Tinsley. (Tr. at 218.) Even if safety was a legitimate concern, other alternatives to
disclosure, such as placing the informants in a safe house, were available to protect the
informants’ safety.

      By failing in all respects to ensure that he was authorized to disclose the search
warrant information, Agent Stennis demonstrated a reckless disregard for the Joneses’

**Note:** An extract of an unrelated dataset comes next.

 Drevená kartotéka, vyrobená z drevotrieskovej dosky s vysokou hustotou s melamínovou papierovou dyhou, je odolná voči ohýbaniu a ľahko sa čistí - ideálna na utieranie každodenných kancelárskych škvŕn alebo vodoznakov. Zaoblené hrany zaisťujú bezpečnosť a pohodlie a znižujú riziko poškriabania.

                                          -9-
rights and, therefore, was grossly negligent. Accordingly, the Joneses are entitled to
punitive damages.

                                   II. Attorneys' Fees

       I also part with the majority on its analysis of attorneys' fees. Under I.R.C. §
7430(a), “reasonable litigation costs,” including attorneys' fees, may be awarded if
incurred in an administrative or court proceeding brought against the United States “in
connection with the determination, collection, or refund of any tax, interest, or penalty.”
Although the majority does not address the applicability of this section, a careful review
of the facts reveals that § 7430 indeed applies. Agent Stennis’s disclosure was made
in the course of the government’s effort to ascertain and collect unpaid taxes from
Jones Oil and the Joneses. The search warrant was executed during the government’s
criminal investigation into Jones Oil’s corporate income tax liability, particularly motor
fuel excise taxes, and into Terry and Patricia Jones’s tax liability. The investigation
focused on determining whether Jones Oil was evading corporate taxes and on whether
the Joneses were evading income taxes. Because the disclosure occurred during a tax
evasion investigation, the Joneses’ action against the government was brought in
connection with determining and collecting taxes from Jones Oil and the Joneses.

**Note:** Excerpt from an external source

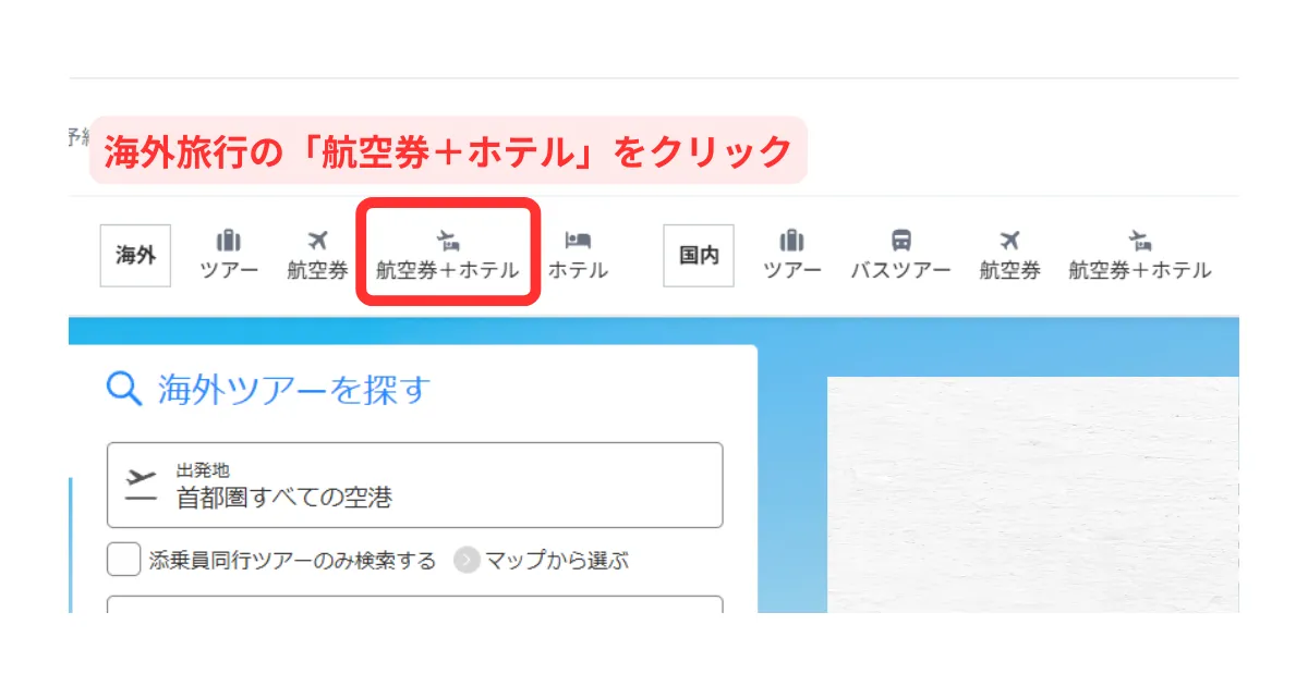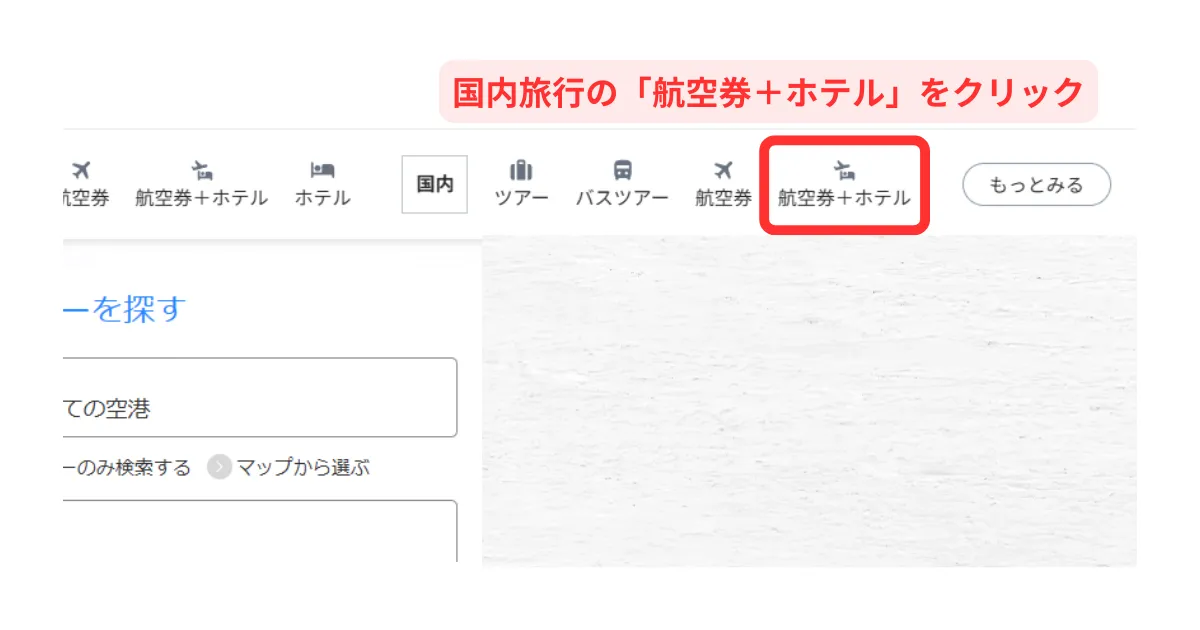 国内旅行の「航空券+ホテル」をクリック

       Under § 7430, attorneys' fees can be awarded only if the government’s position
was not substantially justified. See I.R.C. § 7430(c)(4)(B)(i). It certainly was not in
this case.

        The government argued at trial that even if Agent Stennis disclosed the
information in violation of § 6103, he did so in good faith, intending to protect his
informants’ safety. However, the facts of this case, as highlighted by the majority and
in the punitive damages section of this dissent, demonstrate the egregiousness of Agent
Stennis’s actions and clearly show that he did not act in good faith. In addition, §
6103(k)(6) only allows disclosures in circumstances permitted by regulation, and the

                                           -10-
applicable regulations do not authorize disclosure to protect the safety of a confidential
informant, see 26 C.F.R. § 301.6103(k)(6)-1.

       In addition, during the damages trial, the government offered little evidence to
contest the damages alleged by the Joneses. It offered no expert testimony on the
issue, nor did it question the Joneses’ expert on his method for calculating damages.
In fact, the government’s expert, who did not testify at trial, agreed with the Joneses’
method for valuing the loss of Jones Oil. Furthermore, the government did not contest
the damages calculation on prejudgment interest grounds until after trial, first raising
the issue in a post-trial reply brief.

        Agent Stennis clearly did not act in good faith. Moreover, the government
offered little evidence during the damages trial and did not contest the Joneses’
damages analysis. For these reasons, the government was not substantially justified in
its position, and attorneys' fees should have been awarded.

      Thus, I concur in part and respectfully dissent in part.

      A true copy.

             Attest:

                 CLERK, U.S. COURT OF APPEALS, EIGHTH CIRCUIT.